> **INFORMATION SHOWN**:

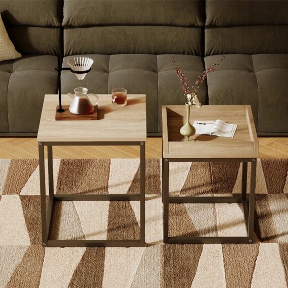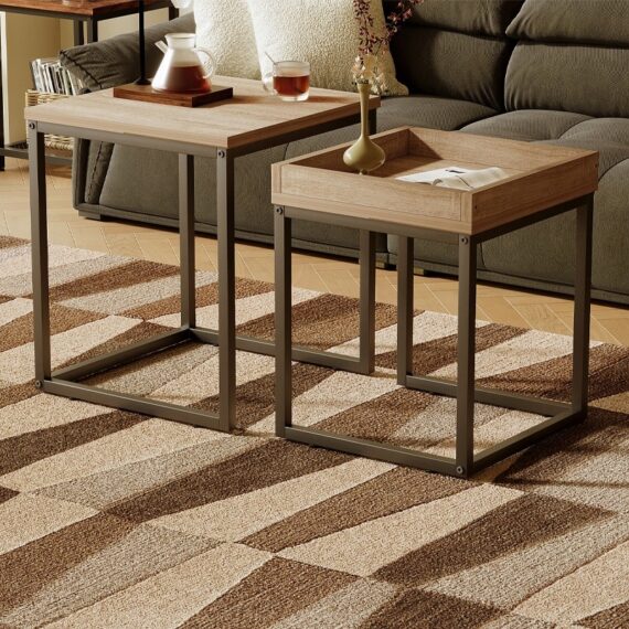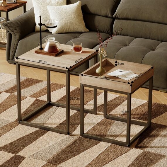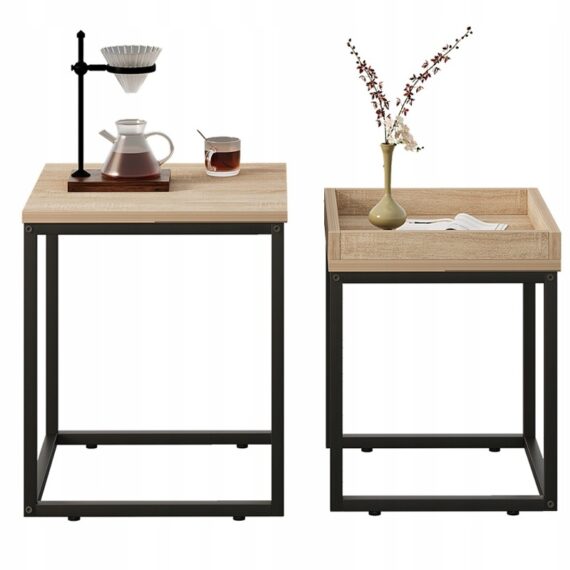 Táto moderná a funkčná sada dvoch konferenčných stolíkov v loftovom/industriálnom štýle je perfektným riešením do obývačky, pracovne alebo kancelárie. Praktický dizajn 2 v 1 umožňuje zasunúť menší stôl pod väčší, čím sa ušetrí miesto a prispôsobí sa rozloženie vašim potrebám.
* * *
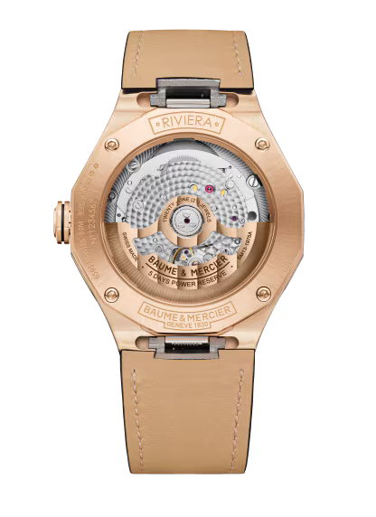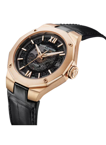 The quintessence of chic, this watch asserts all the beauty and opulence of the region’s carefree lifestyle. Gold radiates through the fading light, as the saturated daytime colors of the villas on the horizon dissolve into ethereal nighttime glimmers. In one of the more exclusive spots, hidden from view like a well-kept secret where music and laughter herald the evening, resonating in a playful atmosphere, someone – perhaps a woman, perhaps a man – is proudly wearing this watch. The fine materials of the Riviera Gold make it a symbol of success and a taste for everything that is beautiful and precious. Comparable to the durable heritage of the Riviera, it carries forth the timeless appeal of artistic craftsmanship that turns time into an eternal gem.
* * *
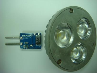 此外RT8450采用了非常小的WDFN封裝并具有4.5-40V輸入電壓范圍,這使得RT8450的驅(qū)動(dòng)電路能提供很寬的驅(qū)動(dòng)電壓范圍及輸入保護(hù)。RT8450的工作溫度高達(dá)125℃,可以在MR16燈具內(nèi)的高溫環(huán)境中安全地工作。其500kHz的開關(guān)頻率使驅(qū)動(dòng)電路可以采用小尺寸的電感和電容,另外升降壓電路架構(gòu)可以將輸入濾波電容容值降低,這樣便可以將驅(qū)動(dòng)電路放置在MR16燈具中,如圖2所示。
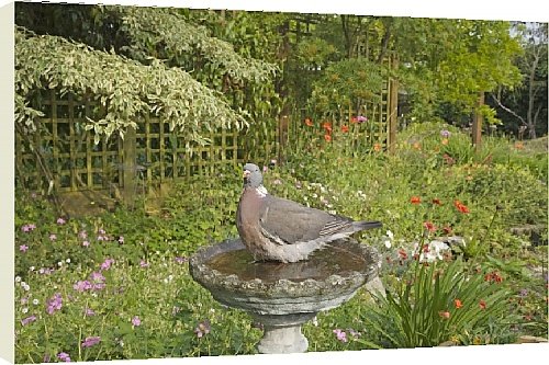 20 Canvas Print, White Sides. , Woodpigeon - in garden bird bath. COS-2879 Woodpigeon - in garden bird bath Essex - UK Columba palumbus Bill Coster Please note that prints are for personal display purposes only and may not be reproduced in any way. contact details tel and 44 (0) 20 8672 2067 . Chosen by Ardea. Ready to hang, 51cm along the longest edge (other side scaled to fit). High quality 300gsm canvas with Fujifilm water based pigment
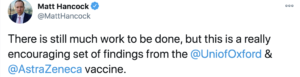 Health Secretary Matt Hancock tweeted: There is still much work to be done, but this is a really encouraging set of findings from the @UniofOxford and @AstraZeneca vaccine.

> **PROBLEM DETAILS**:
Output exactly the lines of the listing above that start with the one holding "此外RT8450采用了非常小" and go on through the one holding "20 Canvas Print, White"; leave the pictures out.

> **EXERCISE OUTPUT**:
 此外RT8450采用了非常小的WDFN封裝并具有4.5-40V輸入電壓范圍,這使得RT8450的驅(qū)動(dòng)電路能提供很寬的驅(qū)動(dòng)電壓范圍及輸入保護(hù)。RT8450的工作溫度高達(dá)125℃,可以在MR16燈具內(nèi)的高溫環(huán)境中安全地工作。其500kHz的開關(guān)頻率使驅(qū)動(dòng)電路可以采用小尺寸的電感和電容,另外升降壓電路架構(gòu)可以將輸入濾波電容容值降低,這樣便可以將驅(qū)動(dòng)電路放置在MR16燈具中,如圖2所示。
 20 Canvas Print, White Sides. , Woodpigeon - in garden bird bath. COS-2879 Woodpigeon - in garden bird bath Essex - UK Columba palumbus Bill Coster Please note that prints are for personal display purposes only and may not be reproduced in any way. contact details tel and 44 (0) 20 8672 2067 . Chosen by Ardea. Ready to hang, 51cm along the longest edge (other side scaled to fit). High quality 300gsm canvas with Fujifilm water based pigment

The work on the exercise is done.